Streets Are Filled With --
picking up what people have left behind
Discworld: Colours (Moist, Vetinari, Adora Belle cameo) 
16th-Sep-2008 04:24 am
I, I am drunk on studying and Pratchett and Seven Nation Army/Sweet Dreams, and it is 415 in the morning, and if I wake up tomorrow and regret this terribly, I will pretend it didn't happen. 8D


Fandom: Discworld (post-Making Money)
Characters: Vetinari, Moist, Adora Belle cameo
Rating: PG
Warnings: Spoilers for Making Money? Vetinari being creepy?
Summary: Black isn't exactly Moist's colour, but Vetinari prefers to make his own decisions about this (and every) kind of thing.

2111 words, Vetinari showing affection the only way he knows how, and, um, clothes!

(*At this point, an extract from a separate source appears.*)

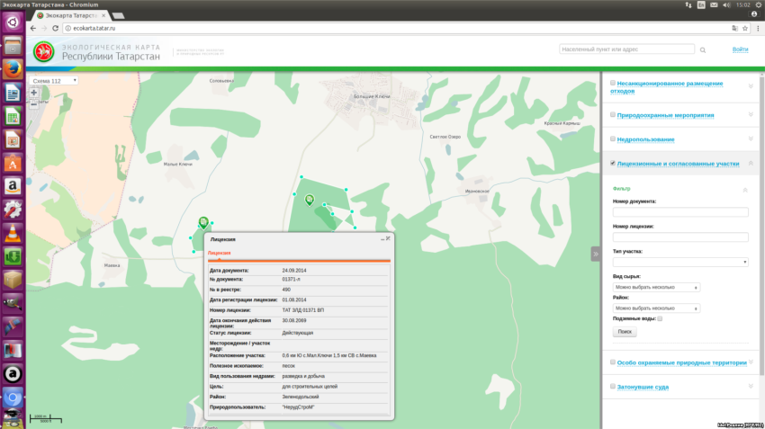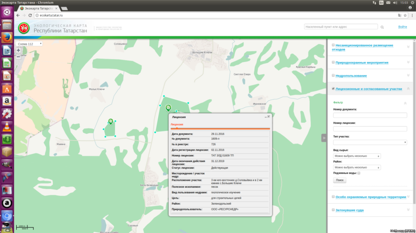 Судя по данным "Экологической карты Татарстана" и публичной кадастровой карты Росреестра конфигурация этого участка недр соответствует четырем земельным участкам — с кадастровыми номерами 16:20:050903:72, 16:20:000000:3437, 16:20:050903:70, 16:20:000000:3439 общей площадью 211,2 га.

Talking with Vetinari made the hairs on the back of Moist's neck rise. He had very sensitive follicles. They had been a necessity in the profession he'd left behind; conveniently, his new profession seemed to require their expert opinion almost as often. The law of diminishing marginal comfort was strictly involved with rising marginal hackles.

'Black isn't quite your colour,' said Vetinari, and Moist wasn't sure how to take that.

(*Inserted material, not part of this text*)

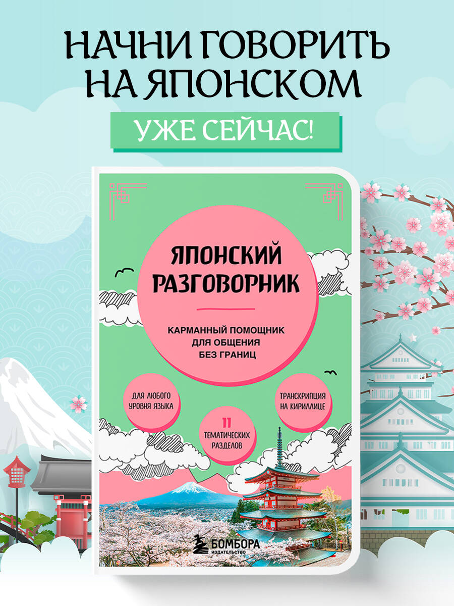 Начни говорить на японском уже сейчас! Японский разговорник поможет изъясниться за границей в различных ситуациях: будь то заказ обеда в ресторане либо поход в аптеку. Разговорник включает в себя множество тем и выражений, снабжённых транскрипцией на кириллице по системе Поливанова. Небольшой формат, гибкая обложка и закруглённые уголки, — всё делает разговорник идеальным карманным помощником!

They were in the palace, but that didn't put any more (or less) behind the words than being in a coach or in the gardens or in a lavatory would have. It was just one of those things. A setting for a greater play, in which only the patrician knew the lines, and the plot twists, and the secret about who'd end up getting stabbed to death by members of any one/many concerned civic part(ies).

'Um,' Moist said, intelligently. 'I suppose not. Gold glitters better.' And people don't look past the shine, most of the time.

'Mm,' Vetinari agreed with what Moist didn't say, looking at the banker/postmaster/hanged man/fraud over the top of steepled fingers. Moist took the opportunity to let his gaze drop: bad criminal etiquette, since you were supposed to keep eye contact at all times and put up a brick wall in front of your thoughts as you were best able to, but then again – everything's relative. Lying was useless against little old ladies, animals and Havelock Vetinari.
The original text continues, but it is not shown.